Frame 21 of Me1 vs Me2 snooker and without giving away too many spoilers it turned into a battle between love and death, and one that whoever won, I would lose. If I had been in control of the players perhaps I could have made them step away from the ultimatums that they were setting themselves. But Me 1 and Me 2 are their own men and blindly stumbled on with no respect for my personal life or the thousands (hundreds? tens?) of listeners at home.
Without being arrogant it created a drama ten times better than Hamlet and it left me feeling emotional battered. If you have invested in the previous frames and fought your way through the (occasional) boring or pointless ones you will be rewarded with this existential struggle. Do not attempt to listen to this frame without having heard all the others. Get out your tissues because you're either going to cry or be dangerously turned on by this astonishing half hour of snooker.

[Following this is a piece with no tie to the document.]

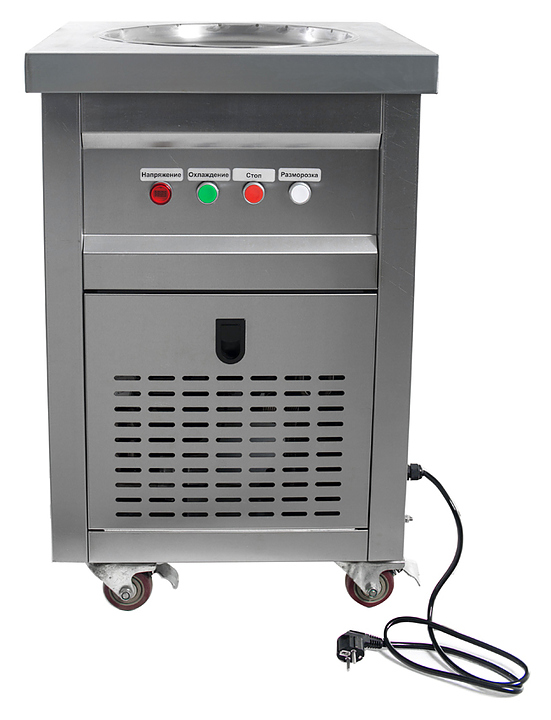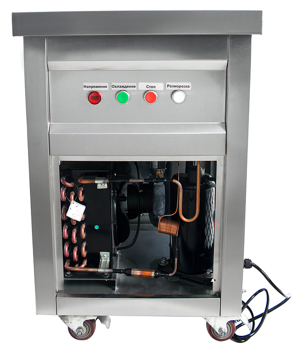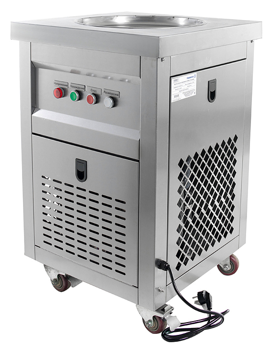 Фризер для мороженого Foodatlas KCB-1Y используется на предприятиях общественного питания и торговли для приготовления жареного мороженого в роллах. Модель оснащена механическим управлением, термоконтроллером, круглой охлаждаемой поверхностью для "жарки" десерта при минусовой температуре и 4 колесами, 2 из которых снабжены тормозом. Корпус выполнен из нержавеющей стали 430, сковорода - из нержавеющей стали 304, радиатор - из алюминия. Особенности:

As I went upstairs to upload the audio my wife saw me and the heightened emotional state I was in, looked worried and suggested that it might be time to stop these podcasts. But I cannot stop: it's just getting somewhere interesting. What will happen? I have no idea. I have no control over the outcome of the matches or the vows made by the players. I couldn't have told you what was going to happen today and I cannot tell you what will happen next week. All I can tell you is that you are listening you are witnessing the greatest work of art created by mankind thus far. I am not sure my wife agrees.
Tonight we both gigged at the Bloomsbury at a benefit for WDM. As is usual with these occasions there was a selection of drinks and snacks in the green room. There was rather an eclectic mixture of tinned beers and ciders and one bottle of Newcastle Brown Ale.
This used to be my drink of choice for a while at University 25 years ago, although I seem to remember if I had more than four bottles I became a little aggressive (not to the extent that I got into fights, but where my belligerent confidence might easily have caused someone else to punch me quiet) - I think I might have been under the influence of Newcy Brown when I threw a stone through the window of a Christian book shop at the end of our road (it was only a tiny side window) - I don't know if I through this stone-chucking action I was trying to tell the Christians that I was without sin (I was largely, but only due to lack of opportunity). I suspect I thought that drinking this working man's ale amongst the toffs of Oxford University made me a rebel. I also suspect that my love of Viz comic and by association all things Newcastlian was the impetus for me to start drinking this stuff (there was a character called Brown Bottle who was a superhero who would be unable to assist anyone after becoming incapacitated and incontinent after downing a few bottles - smashing windows might be the kind of thing he would do).
I stopped drinking this strange and dangerous brew and I don't think I've had a bottle in the last two decades (the Viz boys did give me a bottle of a limited edition Ale made in memory of a friend of theirs a few years ago, but it remains unopened as a keepsake), so I decided that I would have to give this a go.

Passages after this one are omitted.